= Tor Levin Hofgaard =

Tor Levin Hofgaard (born 26 March 1968). He is now the chief psychologist in the insurance company Euro Accident.

He was president of the Norwegian Psychological Association from 2007-2019. He has been vice-president of International Union of Psychological Science and an Executive Council member in the European Federation of Psychologists' Associations. In Norway he was chair of the board in Norwegian Council for Mental Health for 12 years, and a member of the board in Federation of Norwegian Professional Associations.

Norwegian psychological association

Hofgaard was elected president first time in 2007, and has since been re-elected three times.

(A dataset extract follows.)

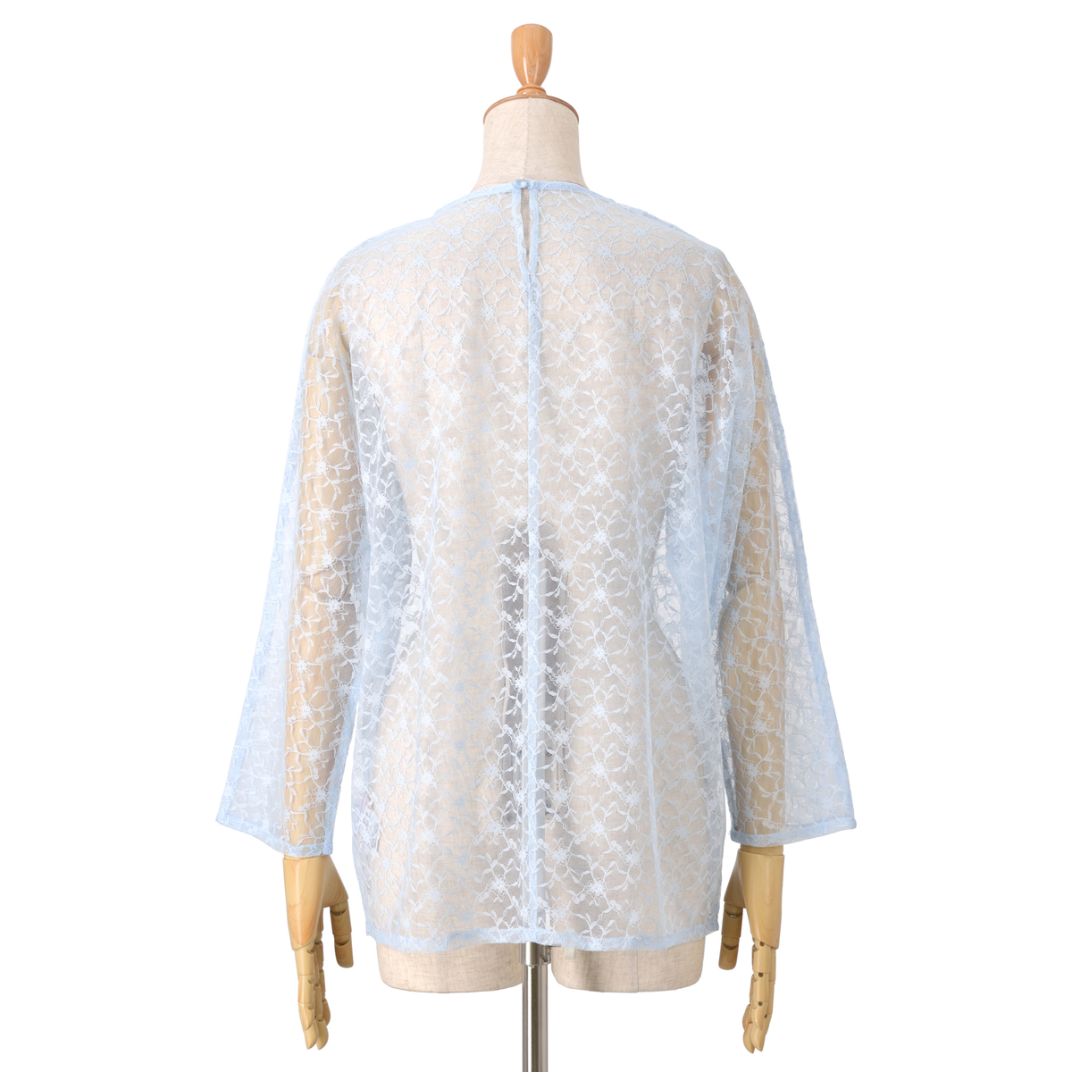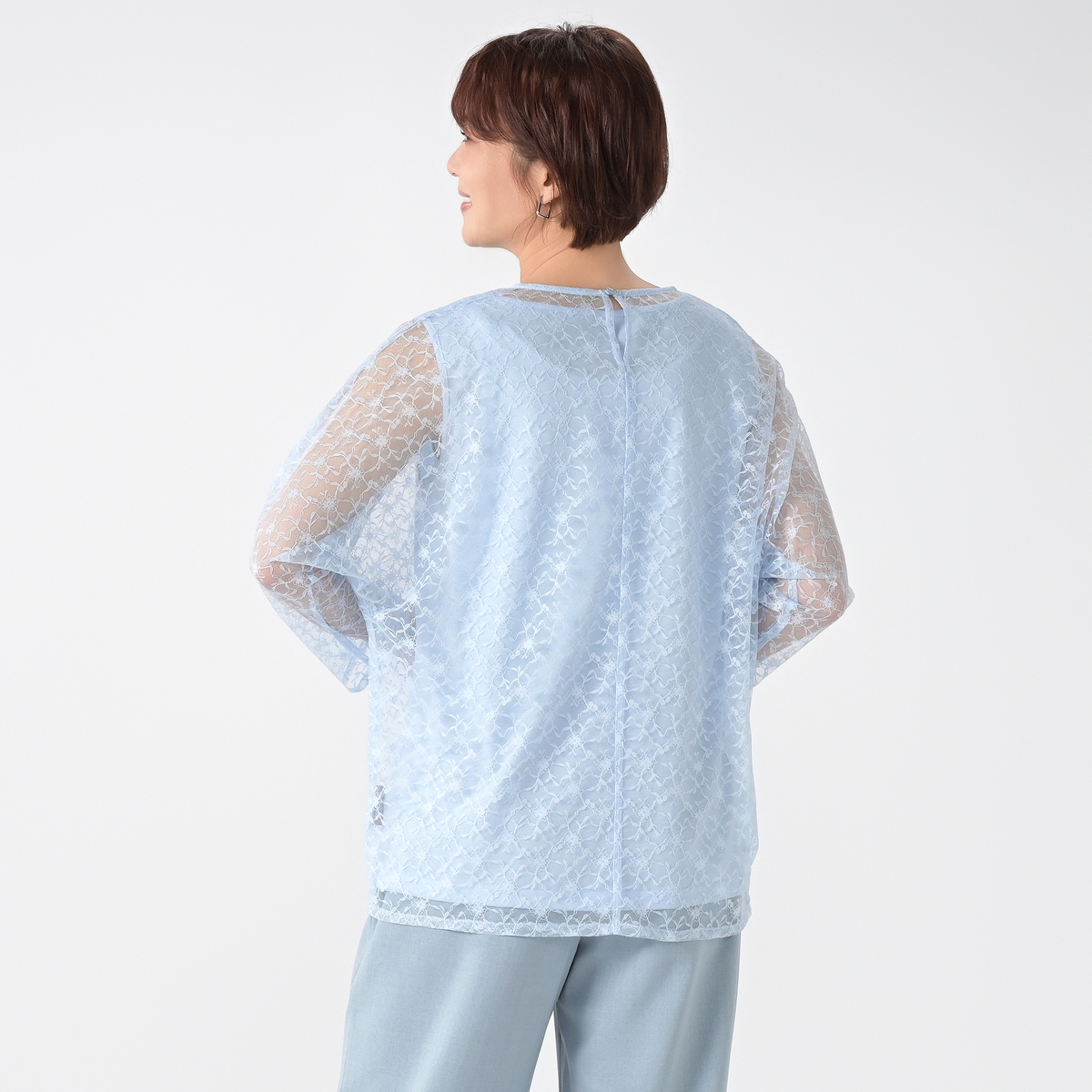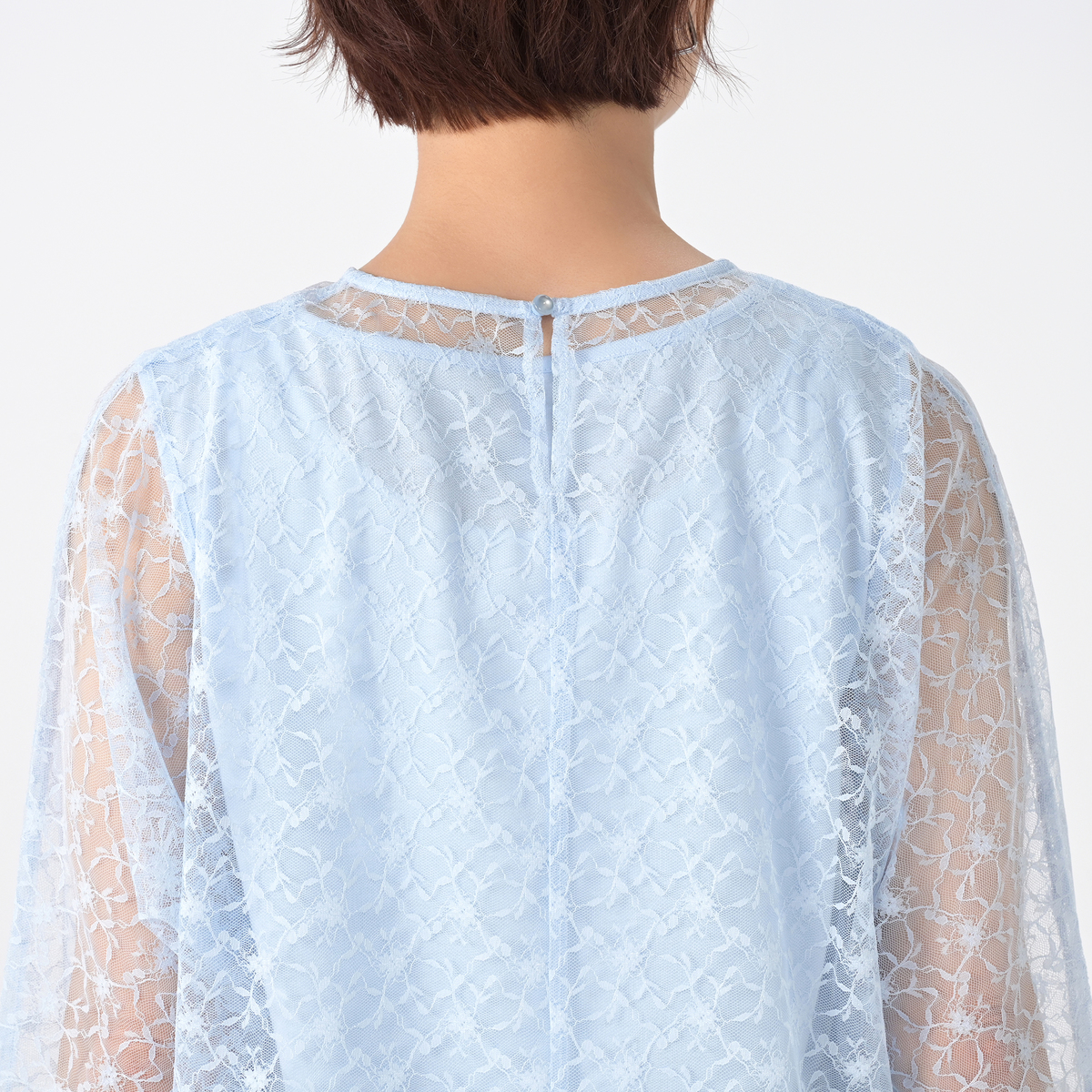 シアーなチュールレースを使い、ゆるっと着用できる長袖のドルマンシルエットに仕上げました。後ろはボタン開きの仕様になっています

In his time as president he has made four main elements his priority:

- Psychology serving society
- Easy access to psychologists in primary care
- Openness and debate
- Professionalizaton of the associations work

International Union of Psychological Science

Hofgaard as elected as vice-president in 2012 for a period of four years. His focus in the union is on:

- capacity building
- policy
- strategy.

European Federation of Psychologists' Associations

Hofgaard was elected as Executive Council member in 2011 for a period of four years. He has special responsibility for the area of community psychology and prevention and intervention. His second term ended in 2019.

Norwegian Council for Mental Health

Hofgaard was elected chair of the board in 2011.

Federation of Norwegian Professional Associations

He was elected member of the board in 2010.

Clinical work

Hofgaard has been working especially with long term severe drug addiction and with early intervention for psychosis, as well as with acute ward patients and with patients in outpatient clinics. He has also had a private practice working especially with LGBT related subjects, including patients with HIV.

Hofgaard also has a university education in political science. Before starting his psychological degree he had an officer's education, and worked in the Royal Norwegian Navy.